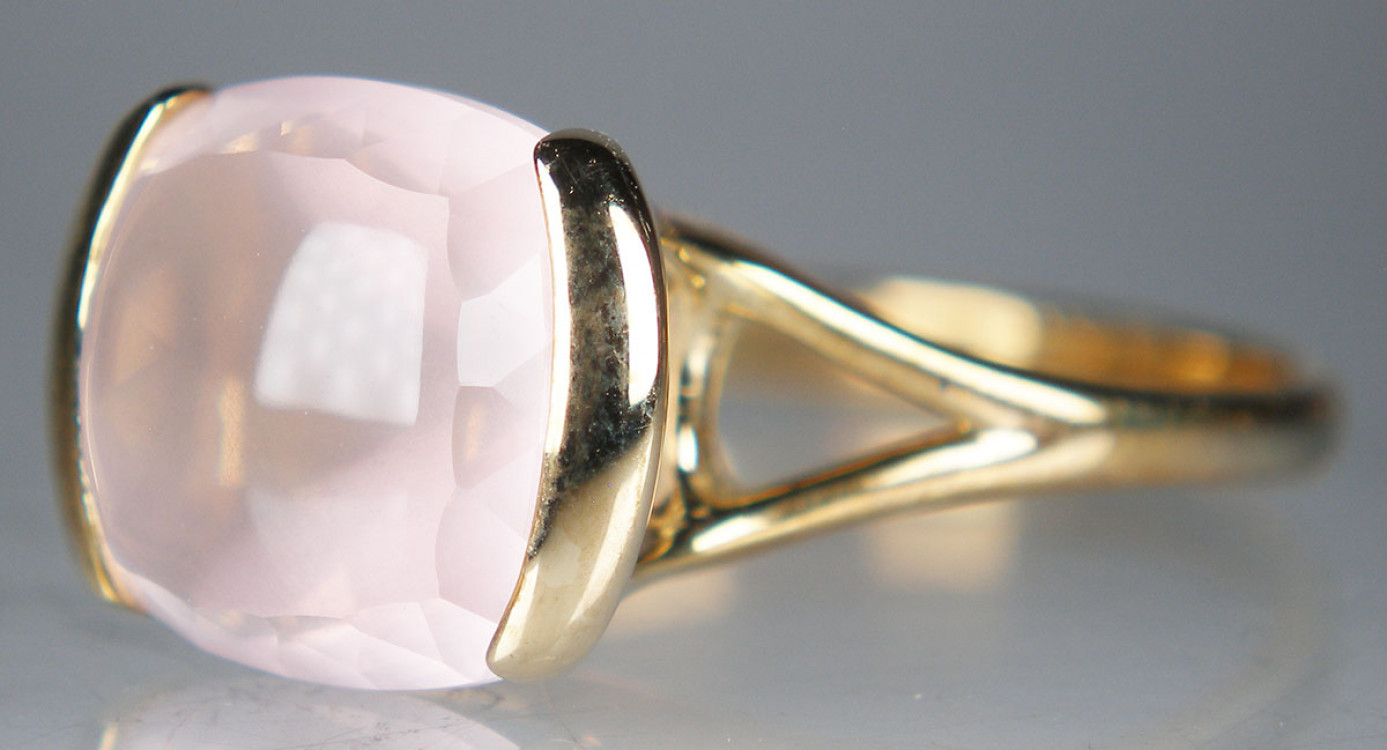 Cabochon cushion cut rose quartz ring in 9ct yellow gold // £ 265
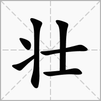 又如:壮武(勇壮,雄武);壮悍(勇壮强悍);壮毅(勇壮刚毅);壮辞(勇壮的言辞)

* * *

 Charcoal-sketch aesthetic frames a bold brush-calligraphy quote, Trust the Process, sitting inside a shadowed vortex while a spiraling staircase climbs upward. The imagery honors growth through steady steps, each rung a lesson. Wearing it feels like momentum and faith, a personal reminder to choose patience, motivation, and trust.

--

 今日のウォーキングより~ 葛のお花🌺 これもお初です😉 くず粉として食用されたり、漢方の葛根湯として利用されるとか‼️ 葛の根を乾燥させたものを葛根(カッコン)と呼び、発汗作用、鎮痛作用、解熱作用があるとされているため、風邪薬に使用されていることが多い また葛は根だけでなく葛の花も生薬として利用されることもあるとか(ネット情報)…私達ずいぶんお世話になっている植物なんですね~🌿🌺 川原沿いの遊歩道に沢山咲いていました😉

- _TASK STATEMENT_: Only the lines above starting with the line with "Cabochon cushion cut" and going on through the line with "又如:壮武(勇壮,雄武);壮" belong in the answer; repeat them exactly, minus any picture.

- _PROBLEM SOLUTION_:
 Cabochon cushion cut rose quartz ring in 9ct yellow gold // £ 265
 又如:壮武(勇壮,雄武);壮悍(勇壮强悍);壮毅(勇壮刚毅);壮辞(勇壮的言辞)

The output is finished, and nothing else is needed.